# Alternative Payment Service



## Leinad Obtrebla (Mar 11, 2016)

Hi all, it's been a while. 

I was wondering if any commission-taker have ever considered using Facebook's money transfer service to send and receive money? I have been debating this with an artist friend of mine for a while and would like a general fandom opinion. 

Paypal's  as "transaction tool" can be very scary for some artists who, sometimes, are scammed by commissioners when drawing sexy art since their accounts and funding can be taken. Some ever ask you to use the function 'send money' instead of paying for goods and services. 

As a scammed commissioner myself, with over $100 lost with uncharted artists, Paypal hasn't really helped me getting my money back. So from the artist's poing of view, I was thinking Facebook's tool might be a good tool to avoid some issues. Whaddya think?


----------



## Somnium (Mar 11, 2016)

What about good ol' bank wire transfer for local transactions?
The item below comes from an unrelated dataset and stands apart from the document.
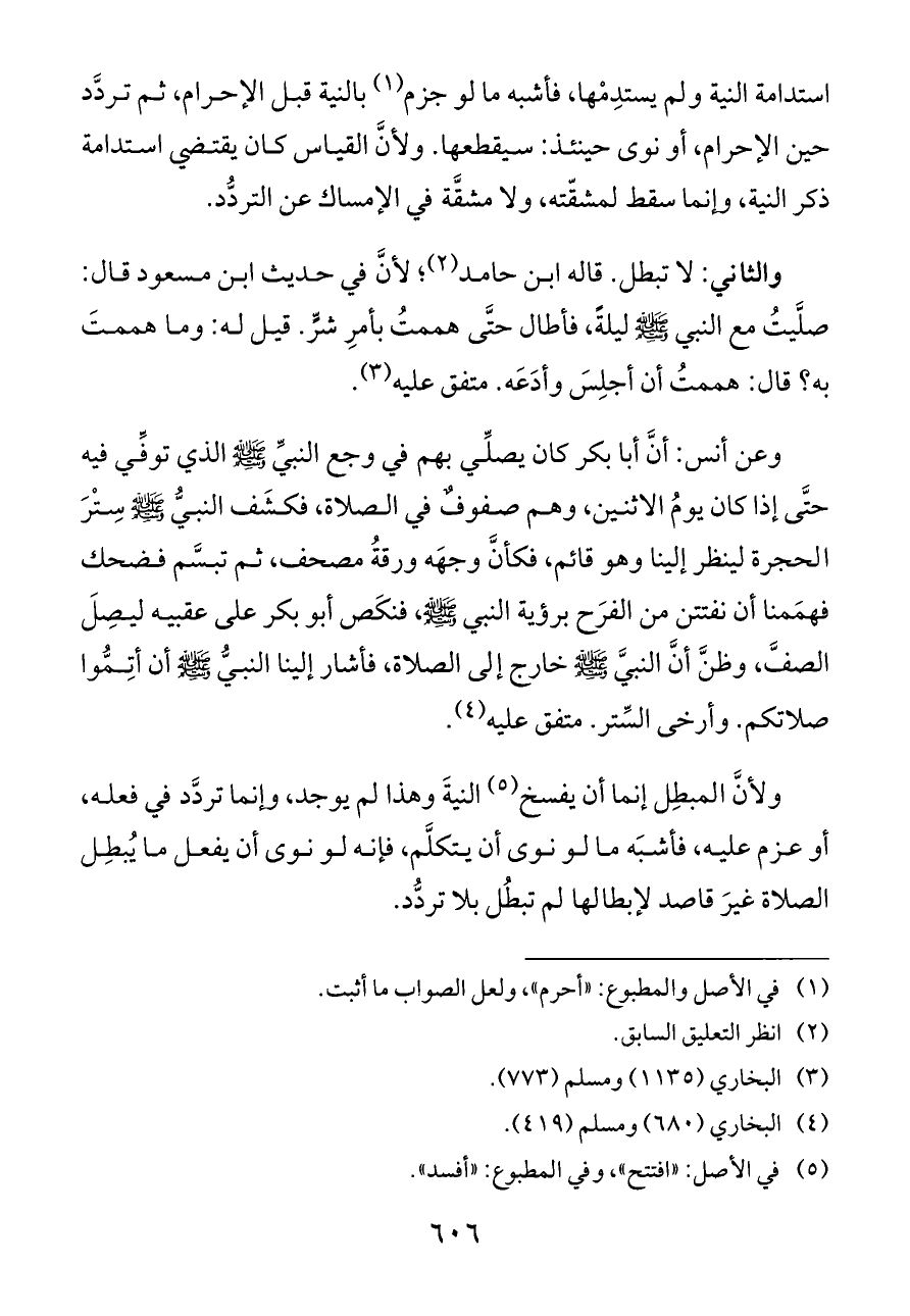 ولأنَّ المبطِل إنما أن يفسخ (¬٥) النيةَ وهذا لم يوجد، وإنما تردَّد في فعله، أو عزم عليه، فأشبَه ما لو نوى أن يتكلَّم، فإنه لو نوى أن يفعل ما يُبطِل الصلاة غيرَ قاصد لإبطالها لم تبطُل بلا تردُّد.

Personalty I'm unaware of Facebook's service


----------



## Leinad Obtrebla (Mar 11, 2016)

Its like sending a private message (A picture, file) but money instead. It's supposed to be added to your debit card. I believe the trick is that FB gets your credit card details, which makes it easy to attract people to make "One-Click-Purchases" 

Wire transfer do charge commission depending on where you are though...


----------



## Somnium (Mar 11, 2016)

Everyone does take a cut, there's no "free" service. I don't think the bank would charge much for a domestic transfer anyway.


----------



## Leinad Obtrebla (Mar 11, 2016)

But not all transfers are domestic..! Facebook doesn't take a cut though, that's what surprised me. Not money at least-- just data for sure.


----------



## Somnium (Mar 11, 2016)

hmm I just read about facebook money transfer and yea it is indeed very surprising that there's no fees, though it has many limitation compared to paypal and makes whole payment process more cumbersome especially because many might not know or use this facebook's service. Also it's against fb's TOS to use it for business, so idk


----------



## Leinad Obtrebla (Mar 11, 2016)

Well, it's against PayPal's TOS to use it for 'smexy' and furry-related stuff so... yeah. The fact that not many know it makes me feel like it'd be nice to inform them! But it seems people looked over this forum post, so..!


----------



## Zrcalo (Mar 15, 2016)

I think square's a lot more reliable than facebook. Squarecash works well online, as well as just entering in credit card information to the app. (if you trust your artist)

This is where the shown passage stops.